About this task:
All of the data should be reproduced word for word, though its pictures must be omitted.

Information supplied:
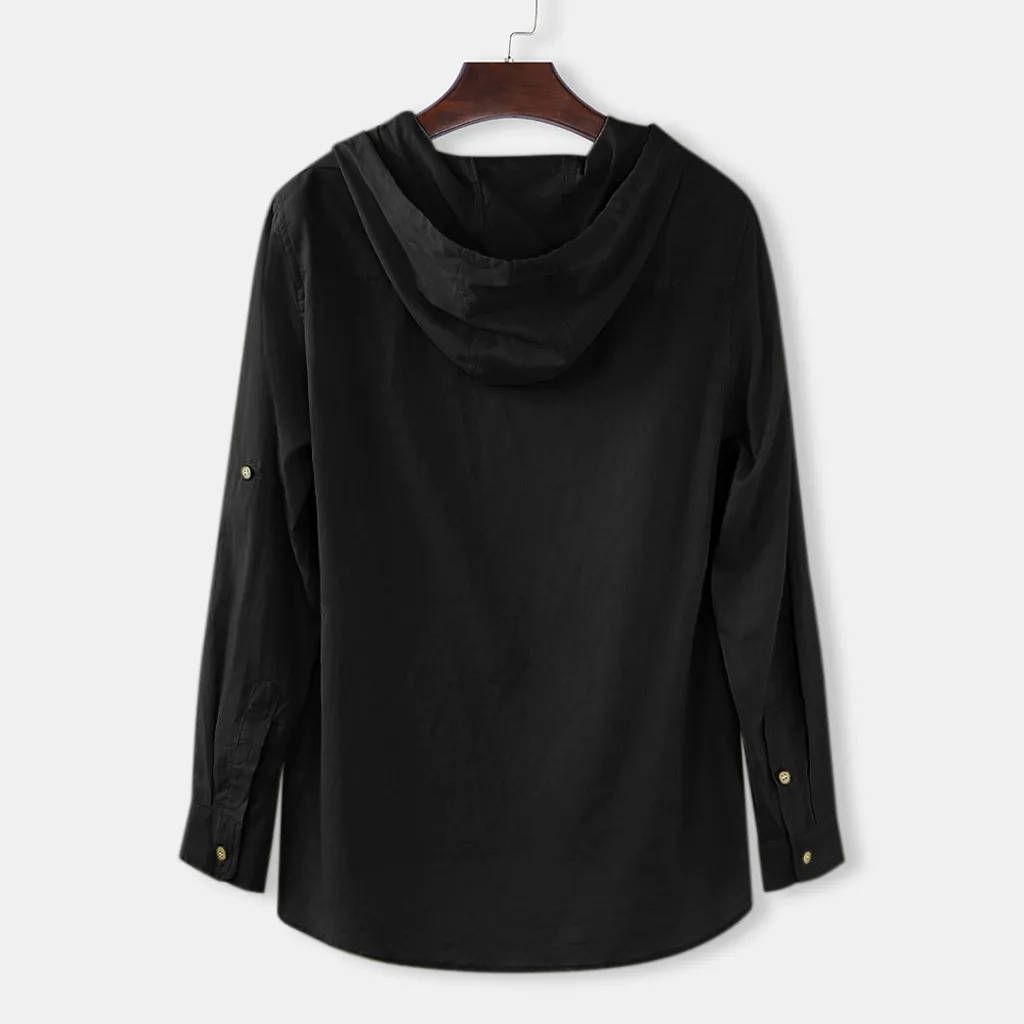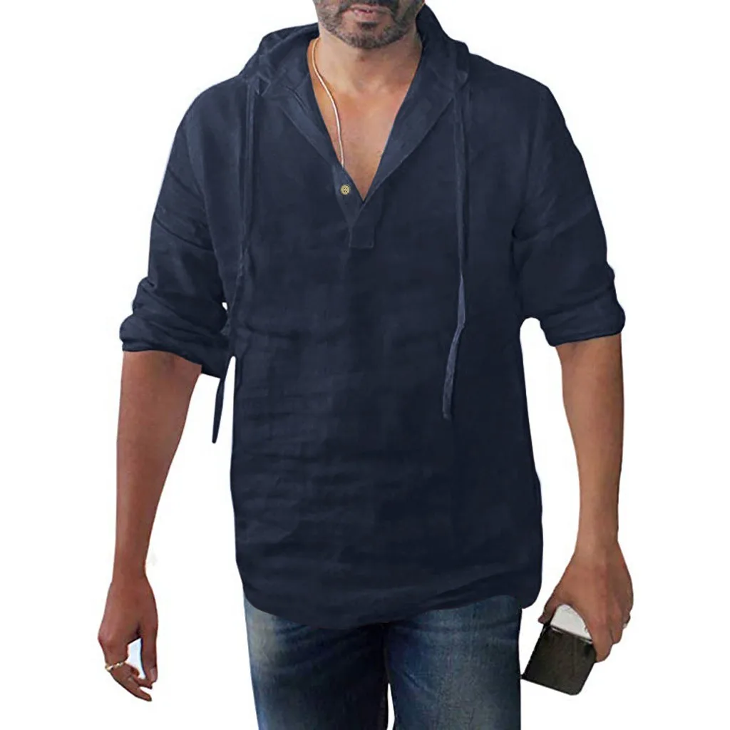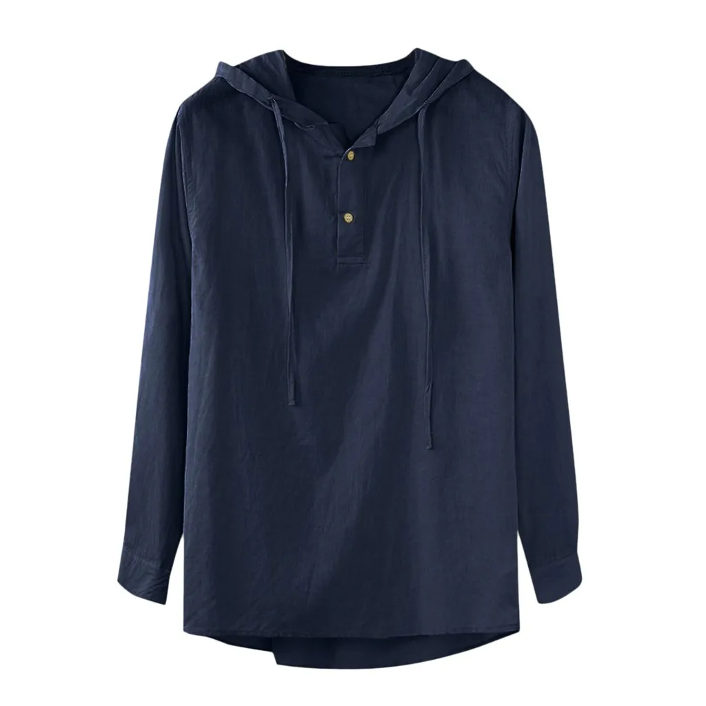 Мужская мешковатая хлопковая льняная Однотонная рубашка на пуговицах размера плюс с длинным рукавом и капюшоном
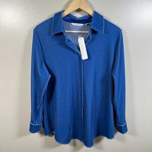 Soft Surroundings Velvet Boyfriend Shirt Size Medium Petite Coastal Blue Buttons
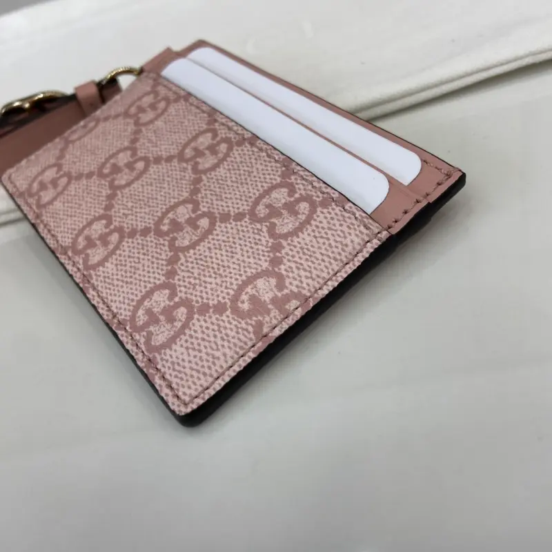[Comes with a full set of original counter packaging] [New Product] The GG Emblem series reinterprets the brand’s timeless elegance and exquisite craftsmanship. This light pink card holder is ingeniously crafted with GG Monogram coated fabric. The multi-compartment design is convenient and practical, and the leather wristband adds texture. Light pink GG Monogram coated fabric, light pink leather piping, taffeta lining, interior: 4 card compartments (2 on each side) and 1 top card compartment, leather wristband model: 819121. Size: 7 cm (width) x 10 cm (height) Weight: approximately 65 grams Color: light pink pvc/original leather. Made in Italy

Output of the task:
 Мужская мешковатая хлопковая льняная Однотонная рубашка на пуговицах размера плюс с длинным рукавом и капюшоном
 Soft Surroundings Velvet Boyfriend Shirt Size Medium Petite Coastal Blue Buttons
[Comes with a full set of original counter packaging] [New Product] The GG Emblem series reinterprets the brand’s timeless elegance and exquisite craftsmanship. This light pink card holder is ingeniously crafted with GG Monogram coated fabric. The multi-compartment design is convenient and practical, and the leather wristband adds texture. Light pink GG Monogram coated fabric, light pink leather piping, taffeta lining, interior: 4 card compartments (2 on each side) and 1 top card compartment, leather wristband model: 819121. Size: 7 cm (width) x 10 cm (height) Weight: approximately 65 grams Color: light pink pvc/original leather. Made in Italy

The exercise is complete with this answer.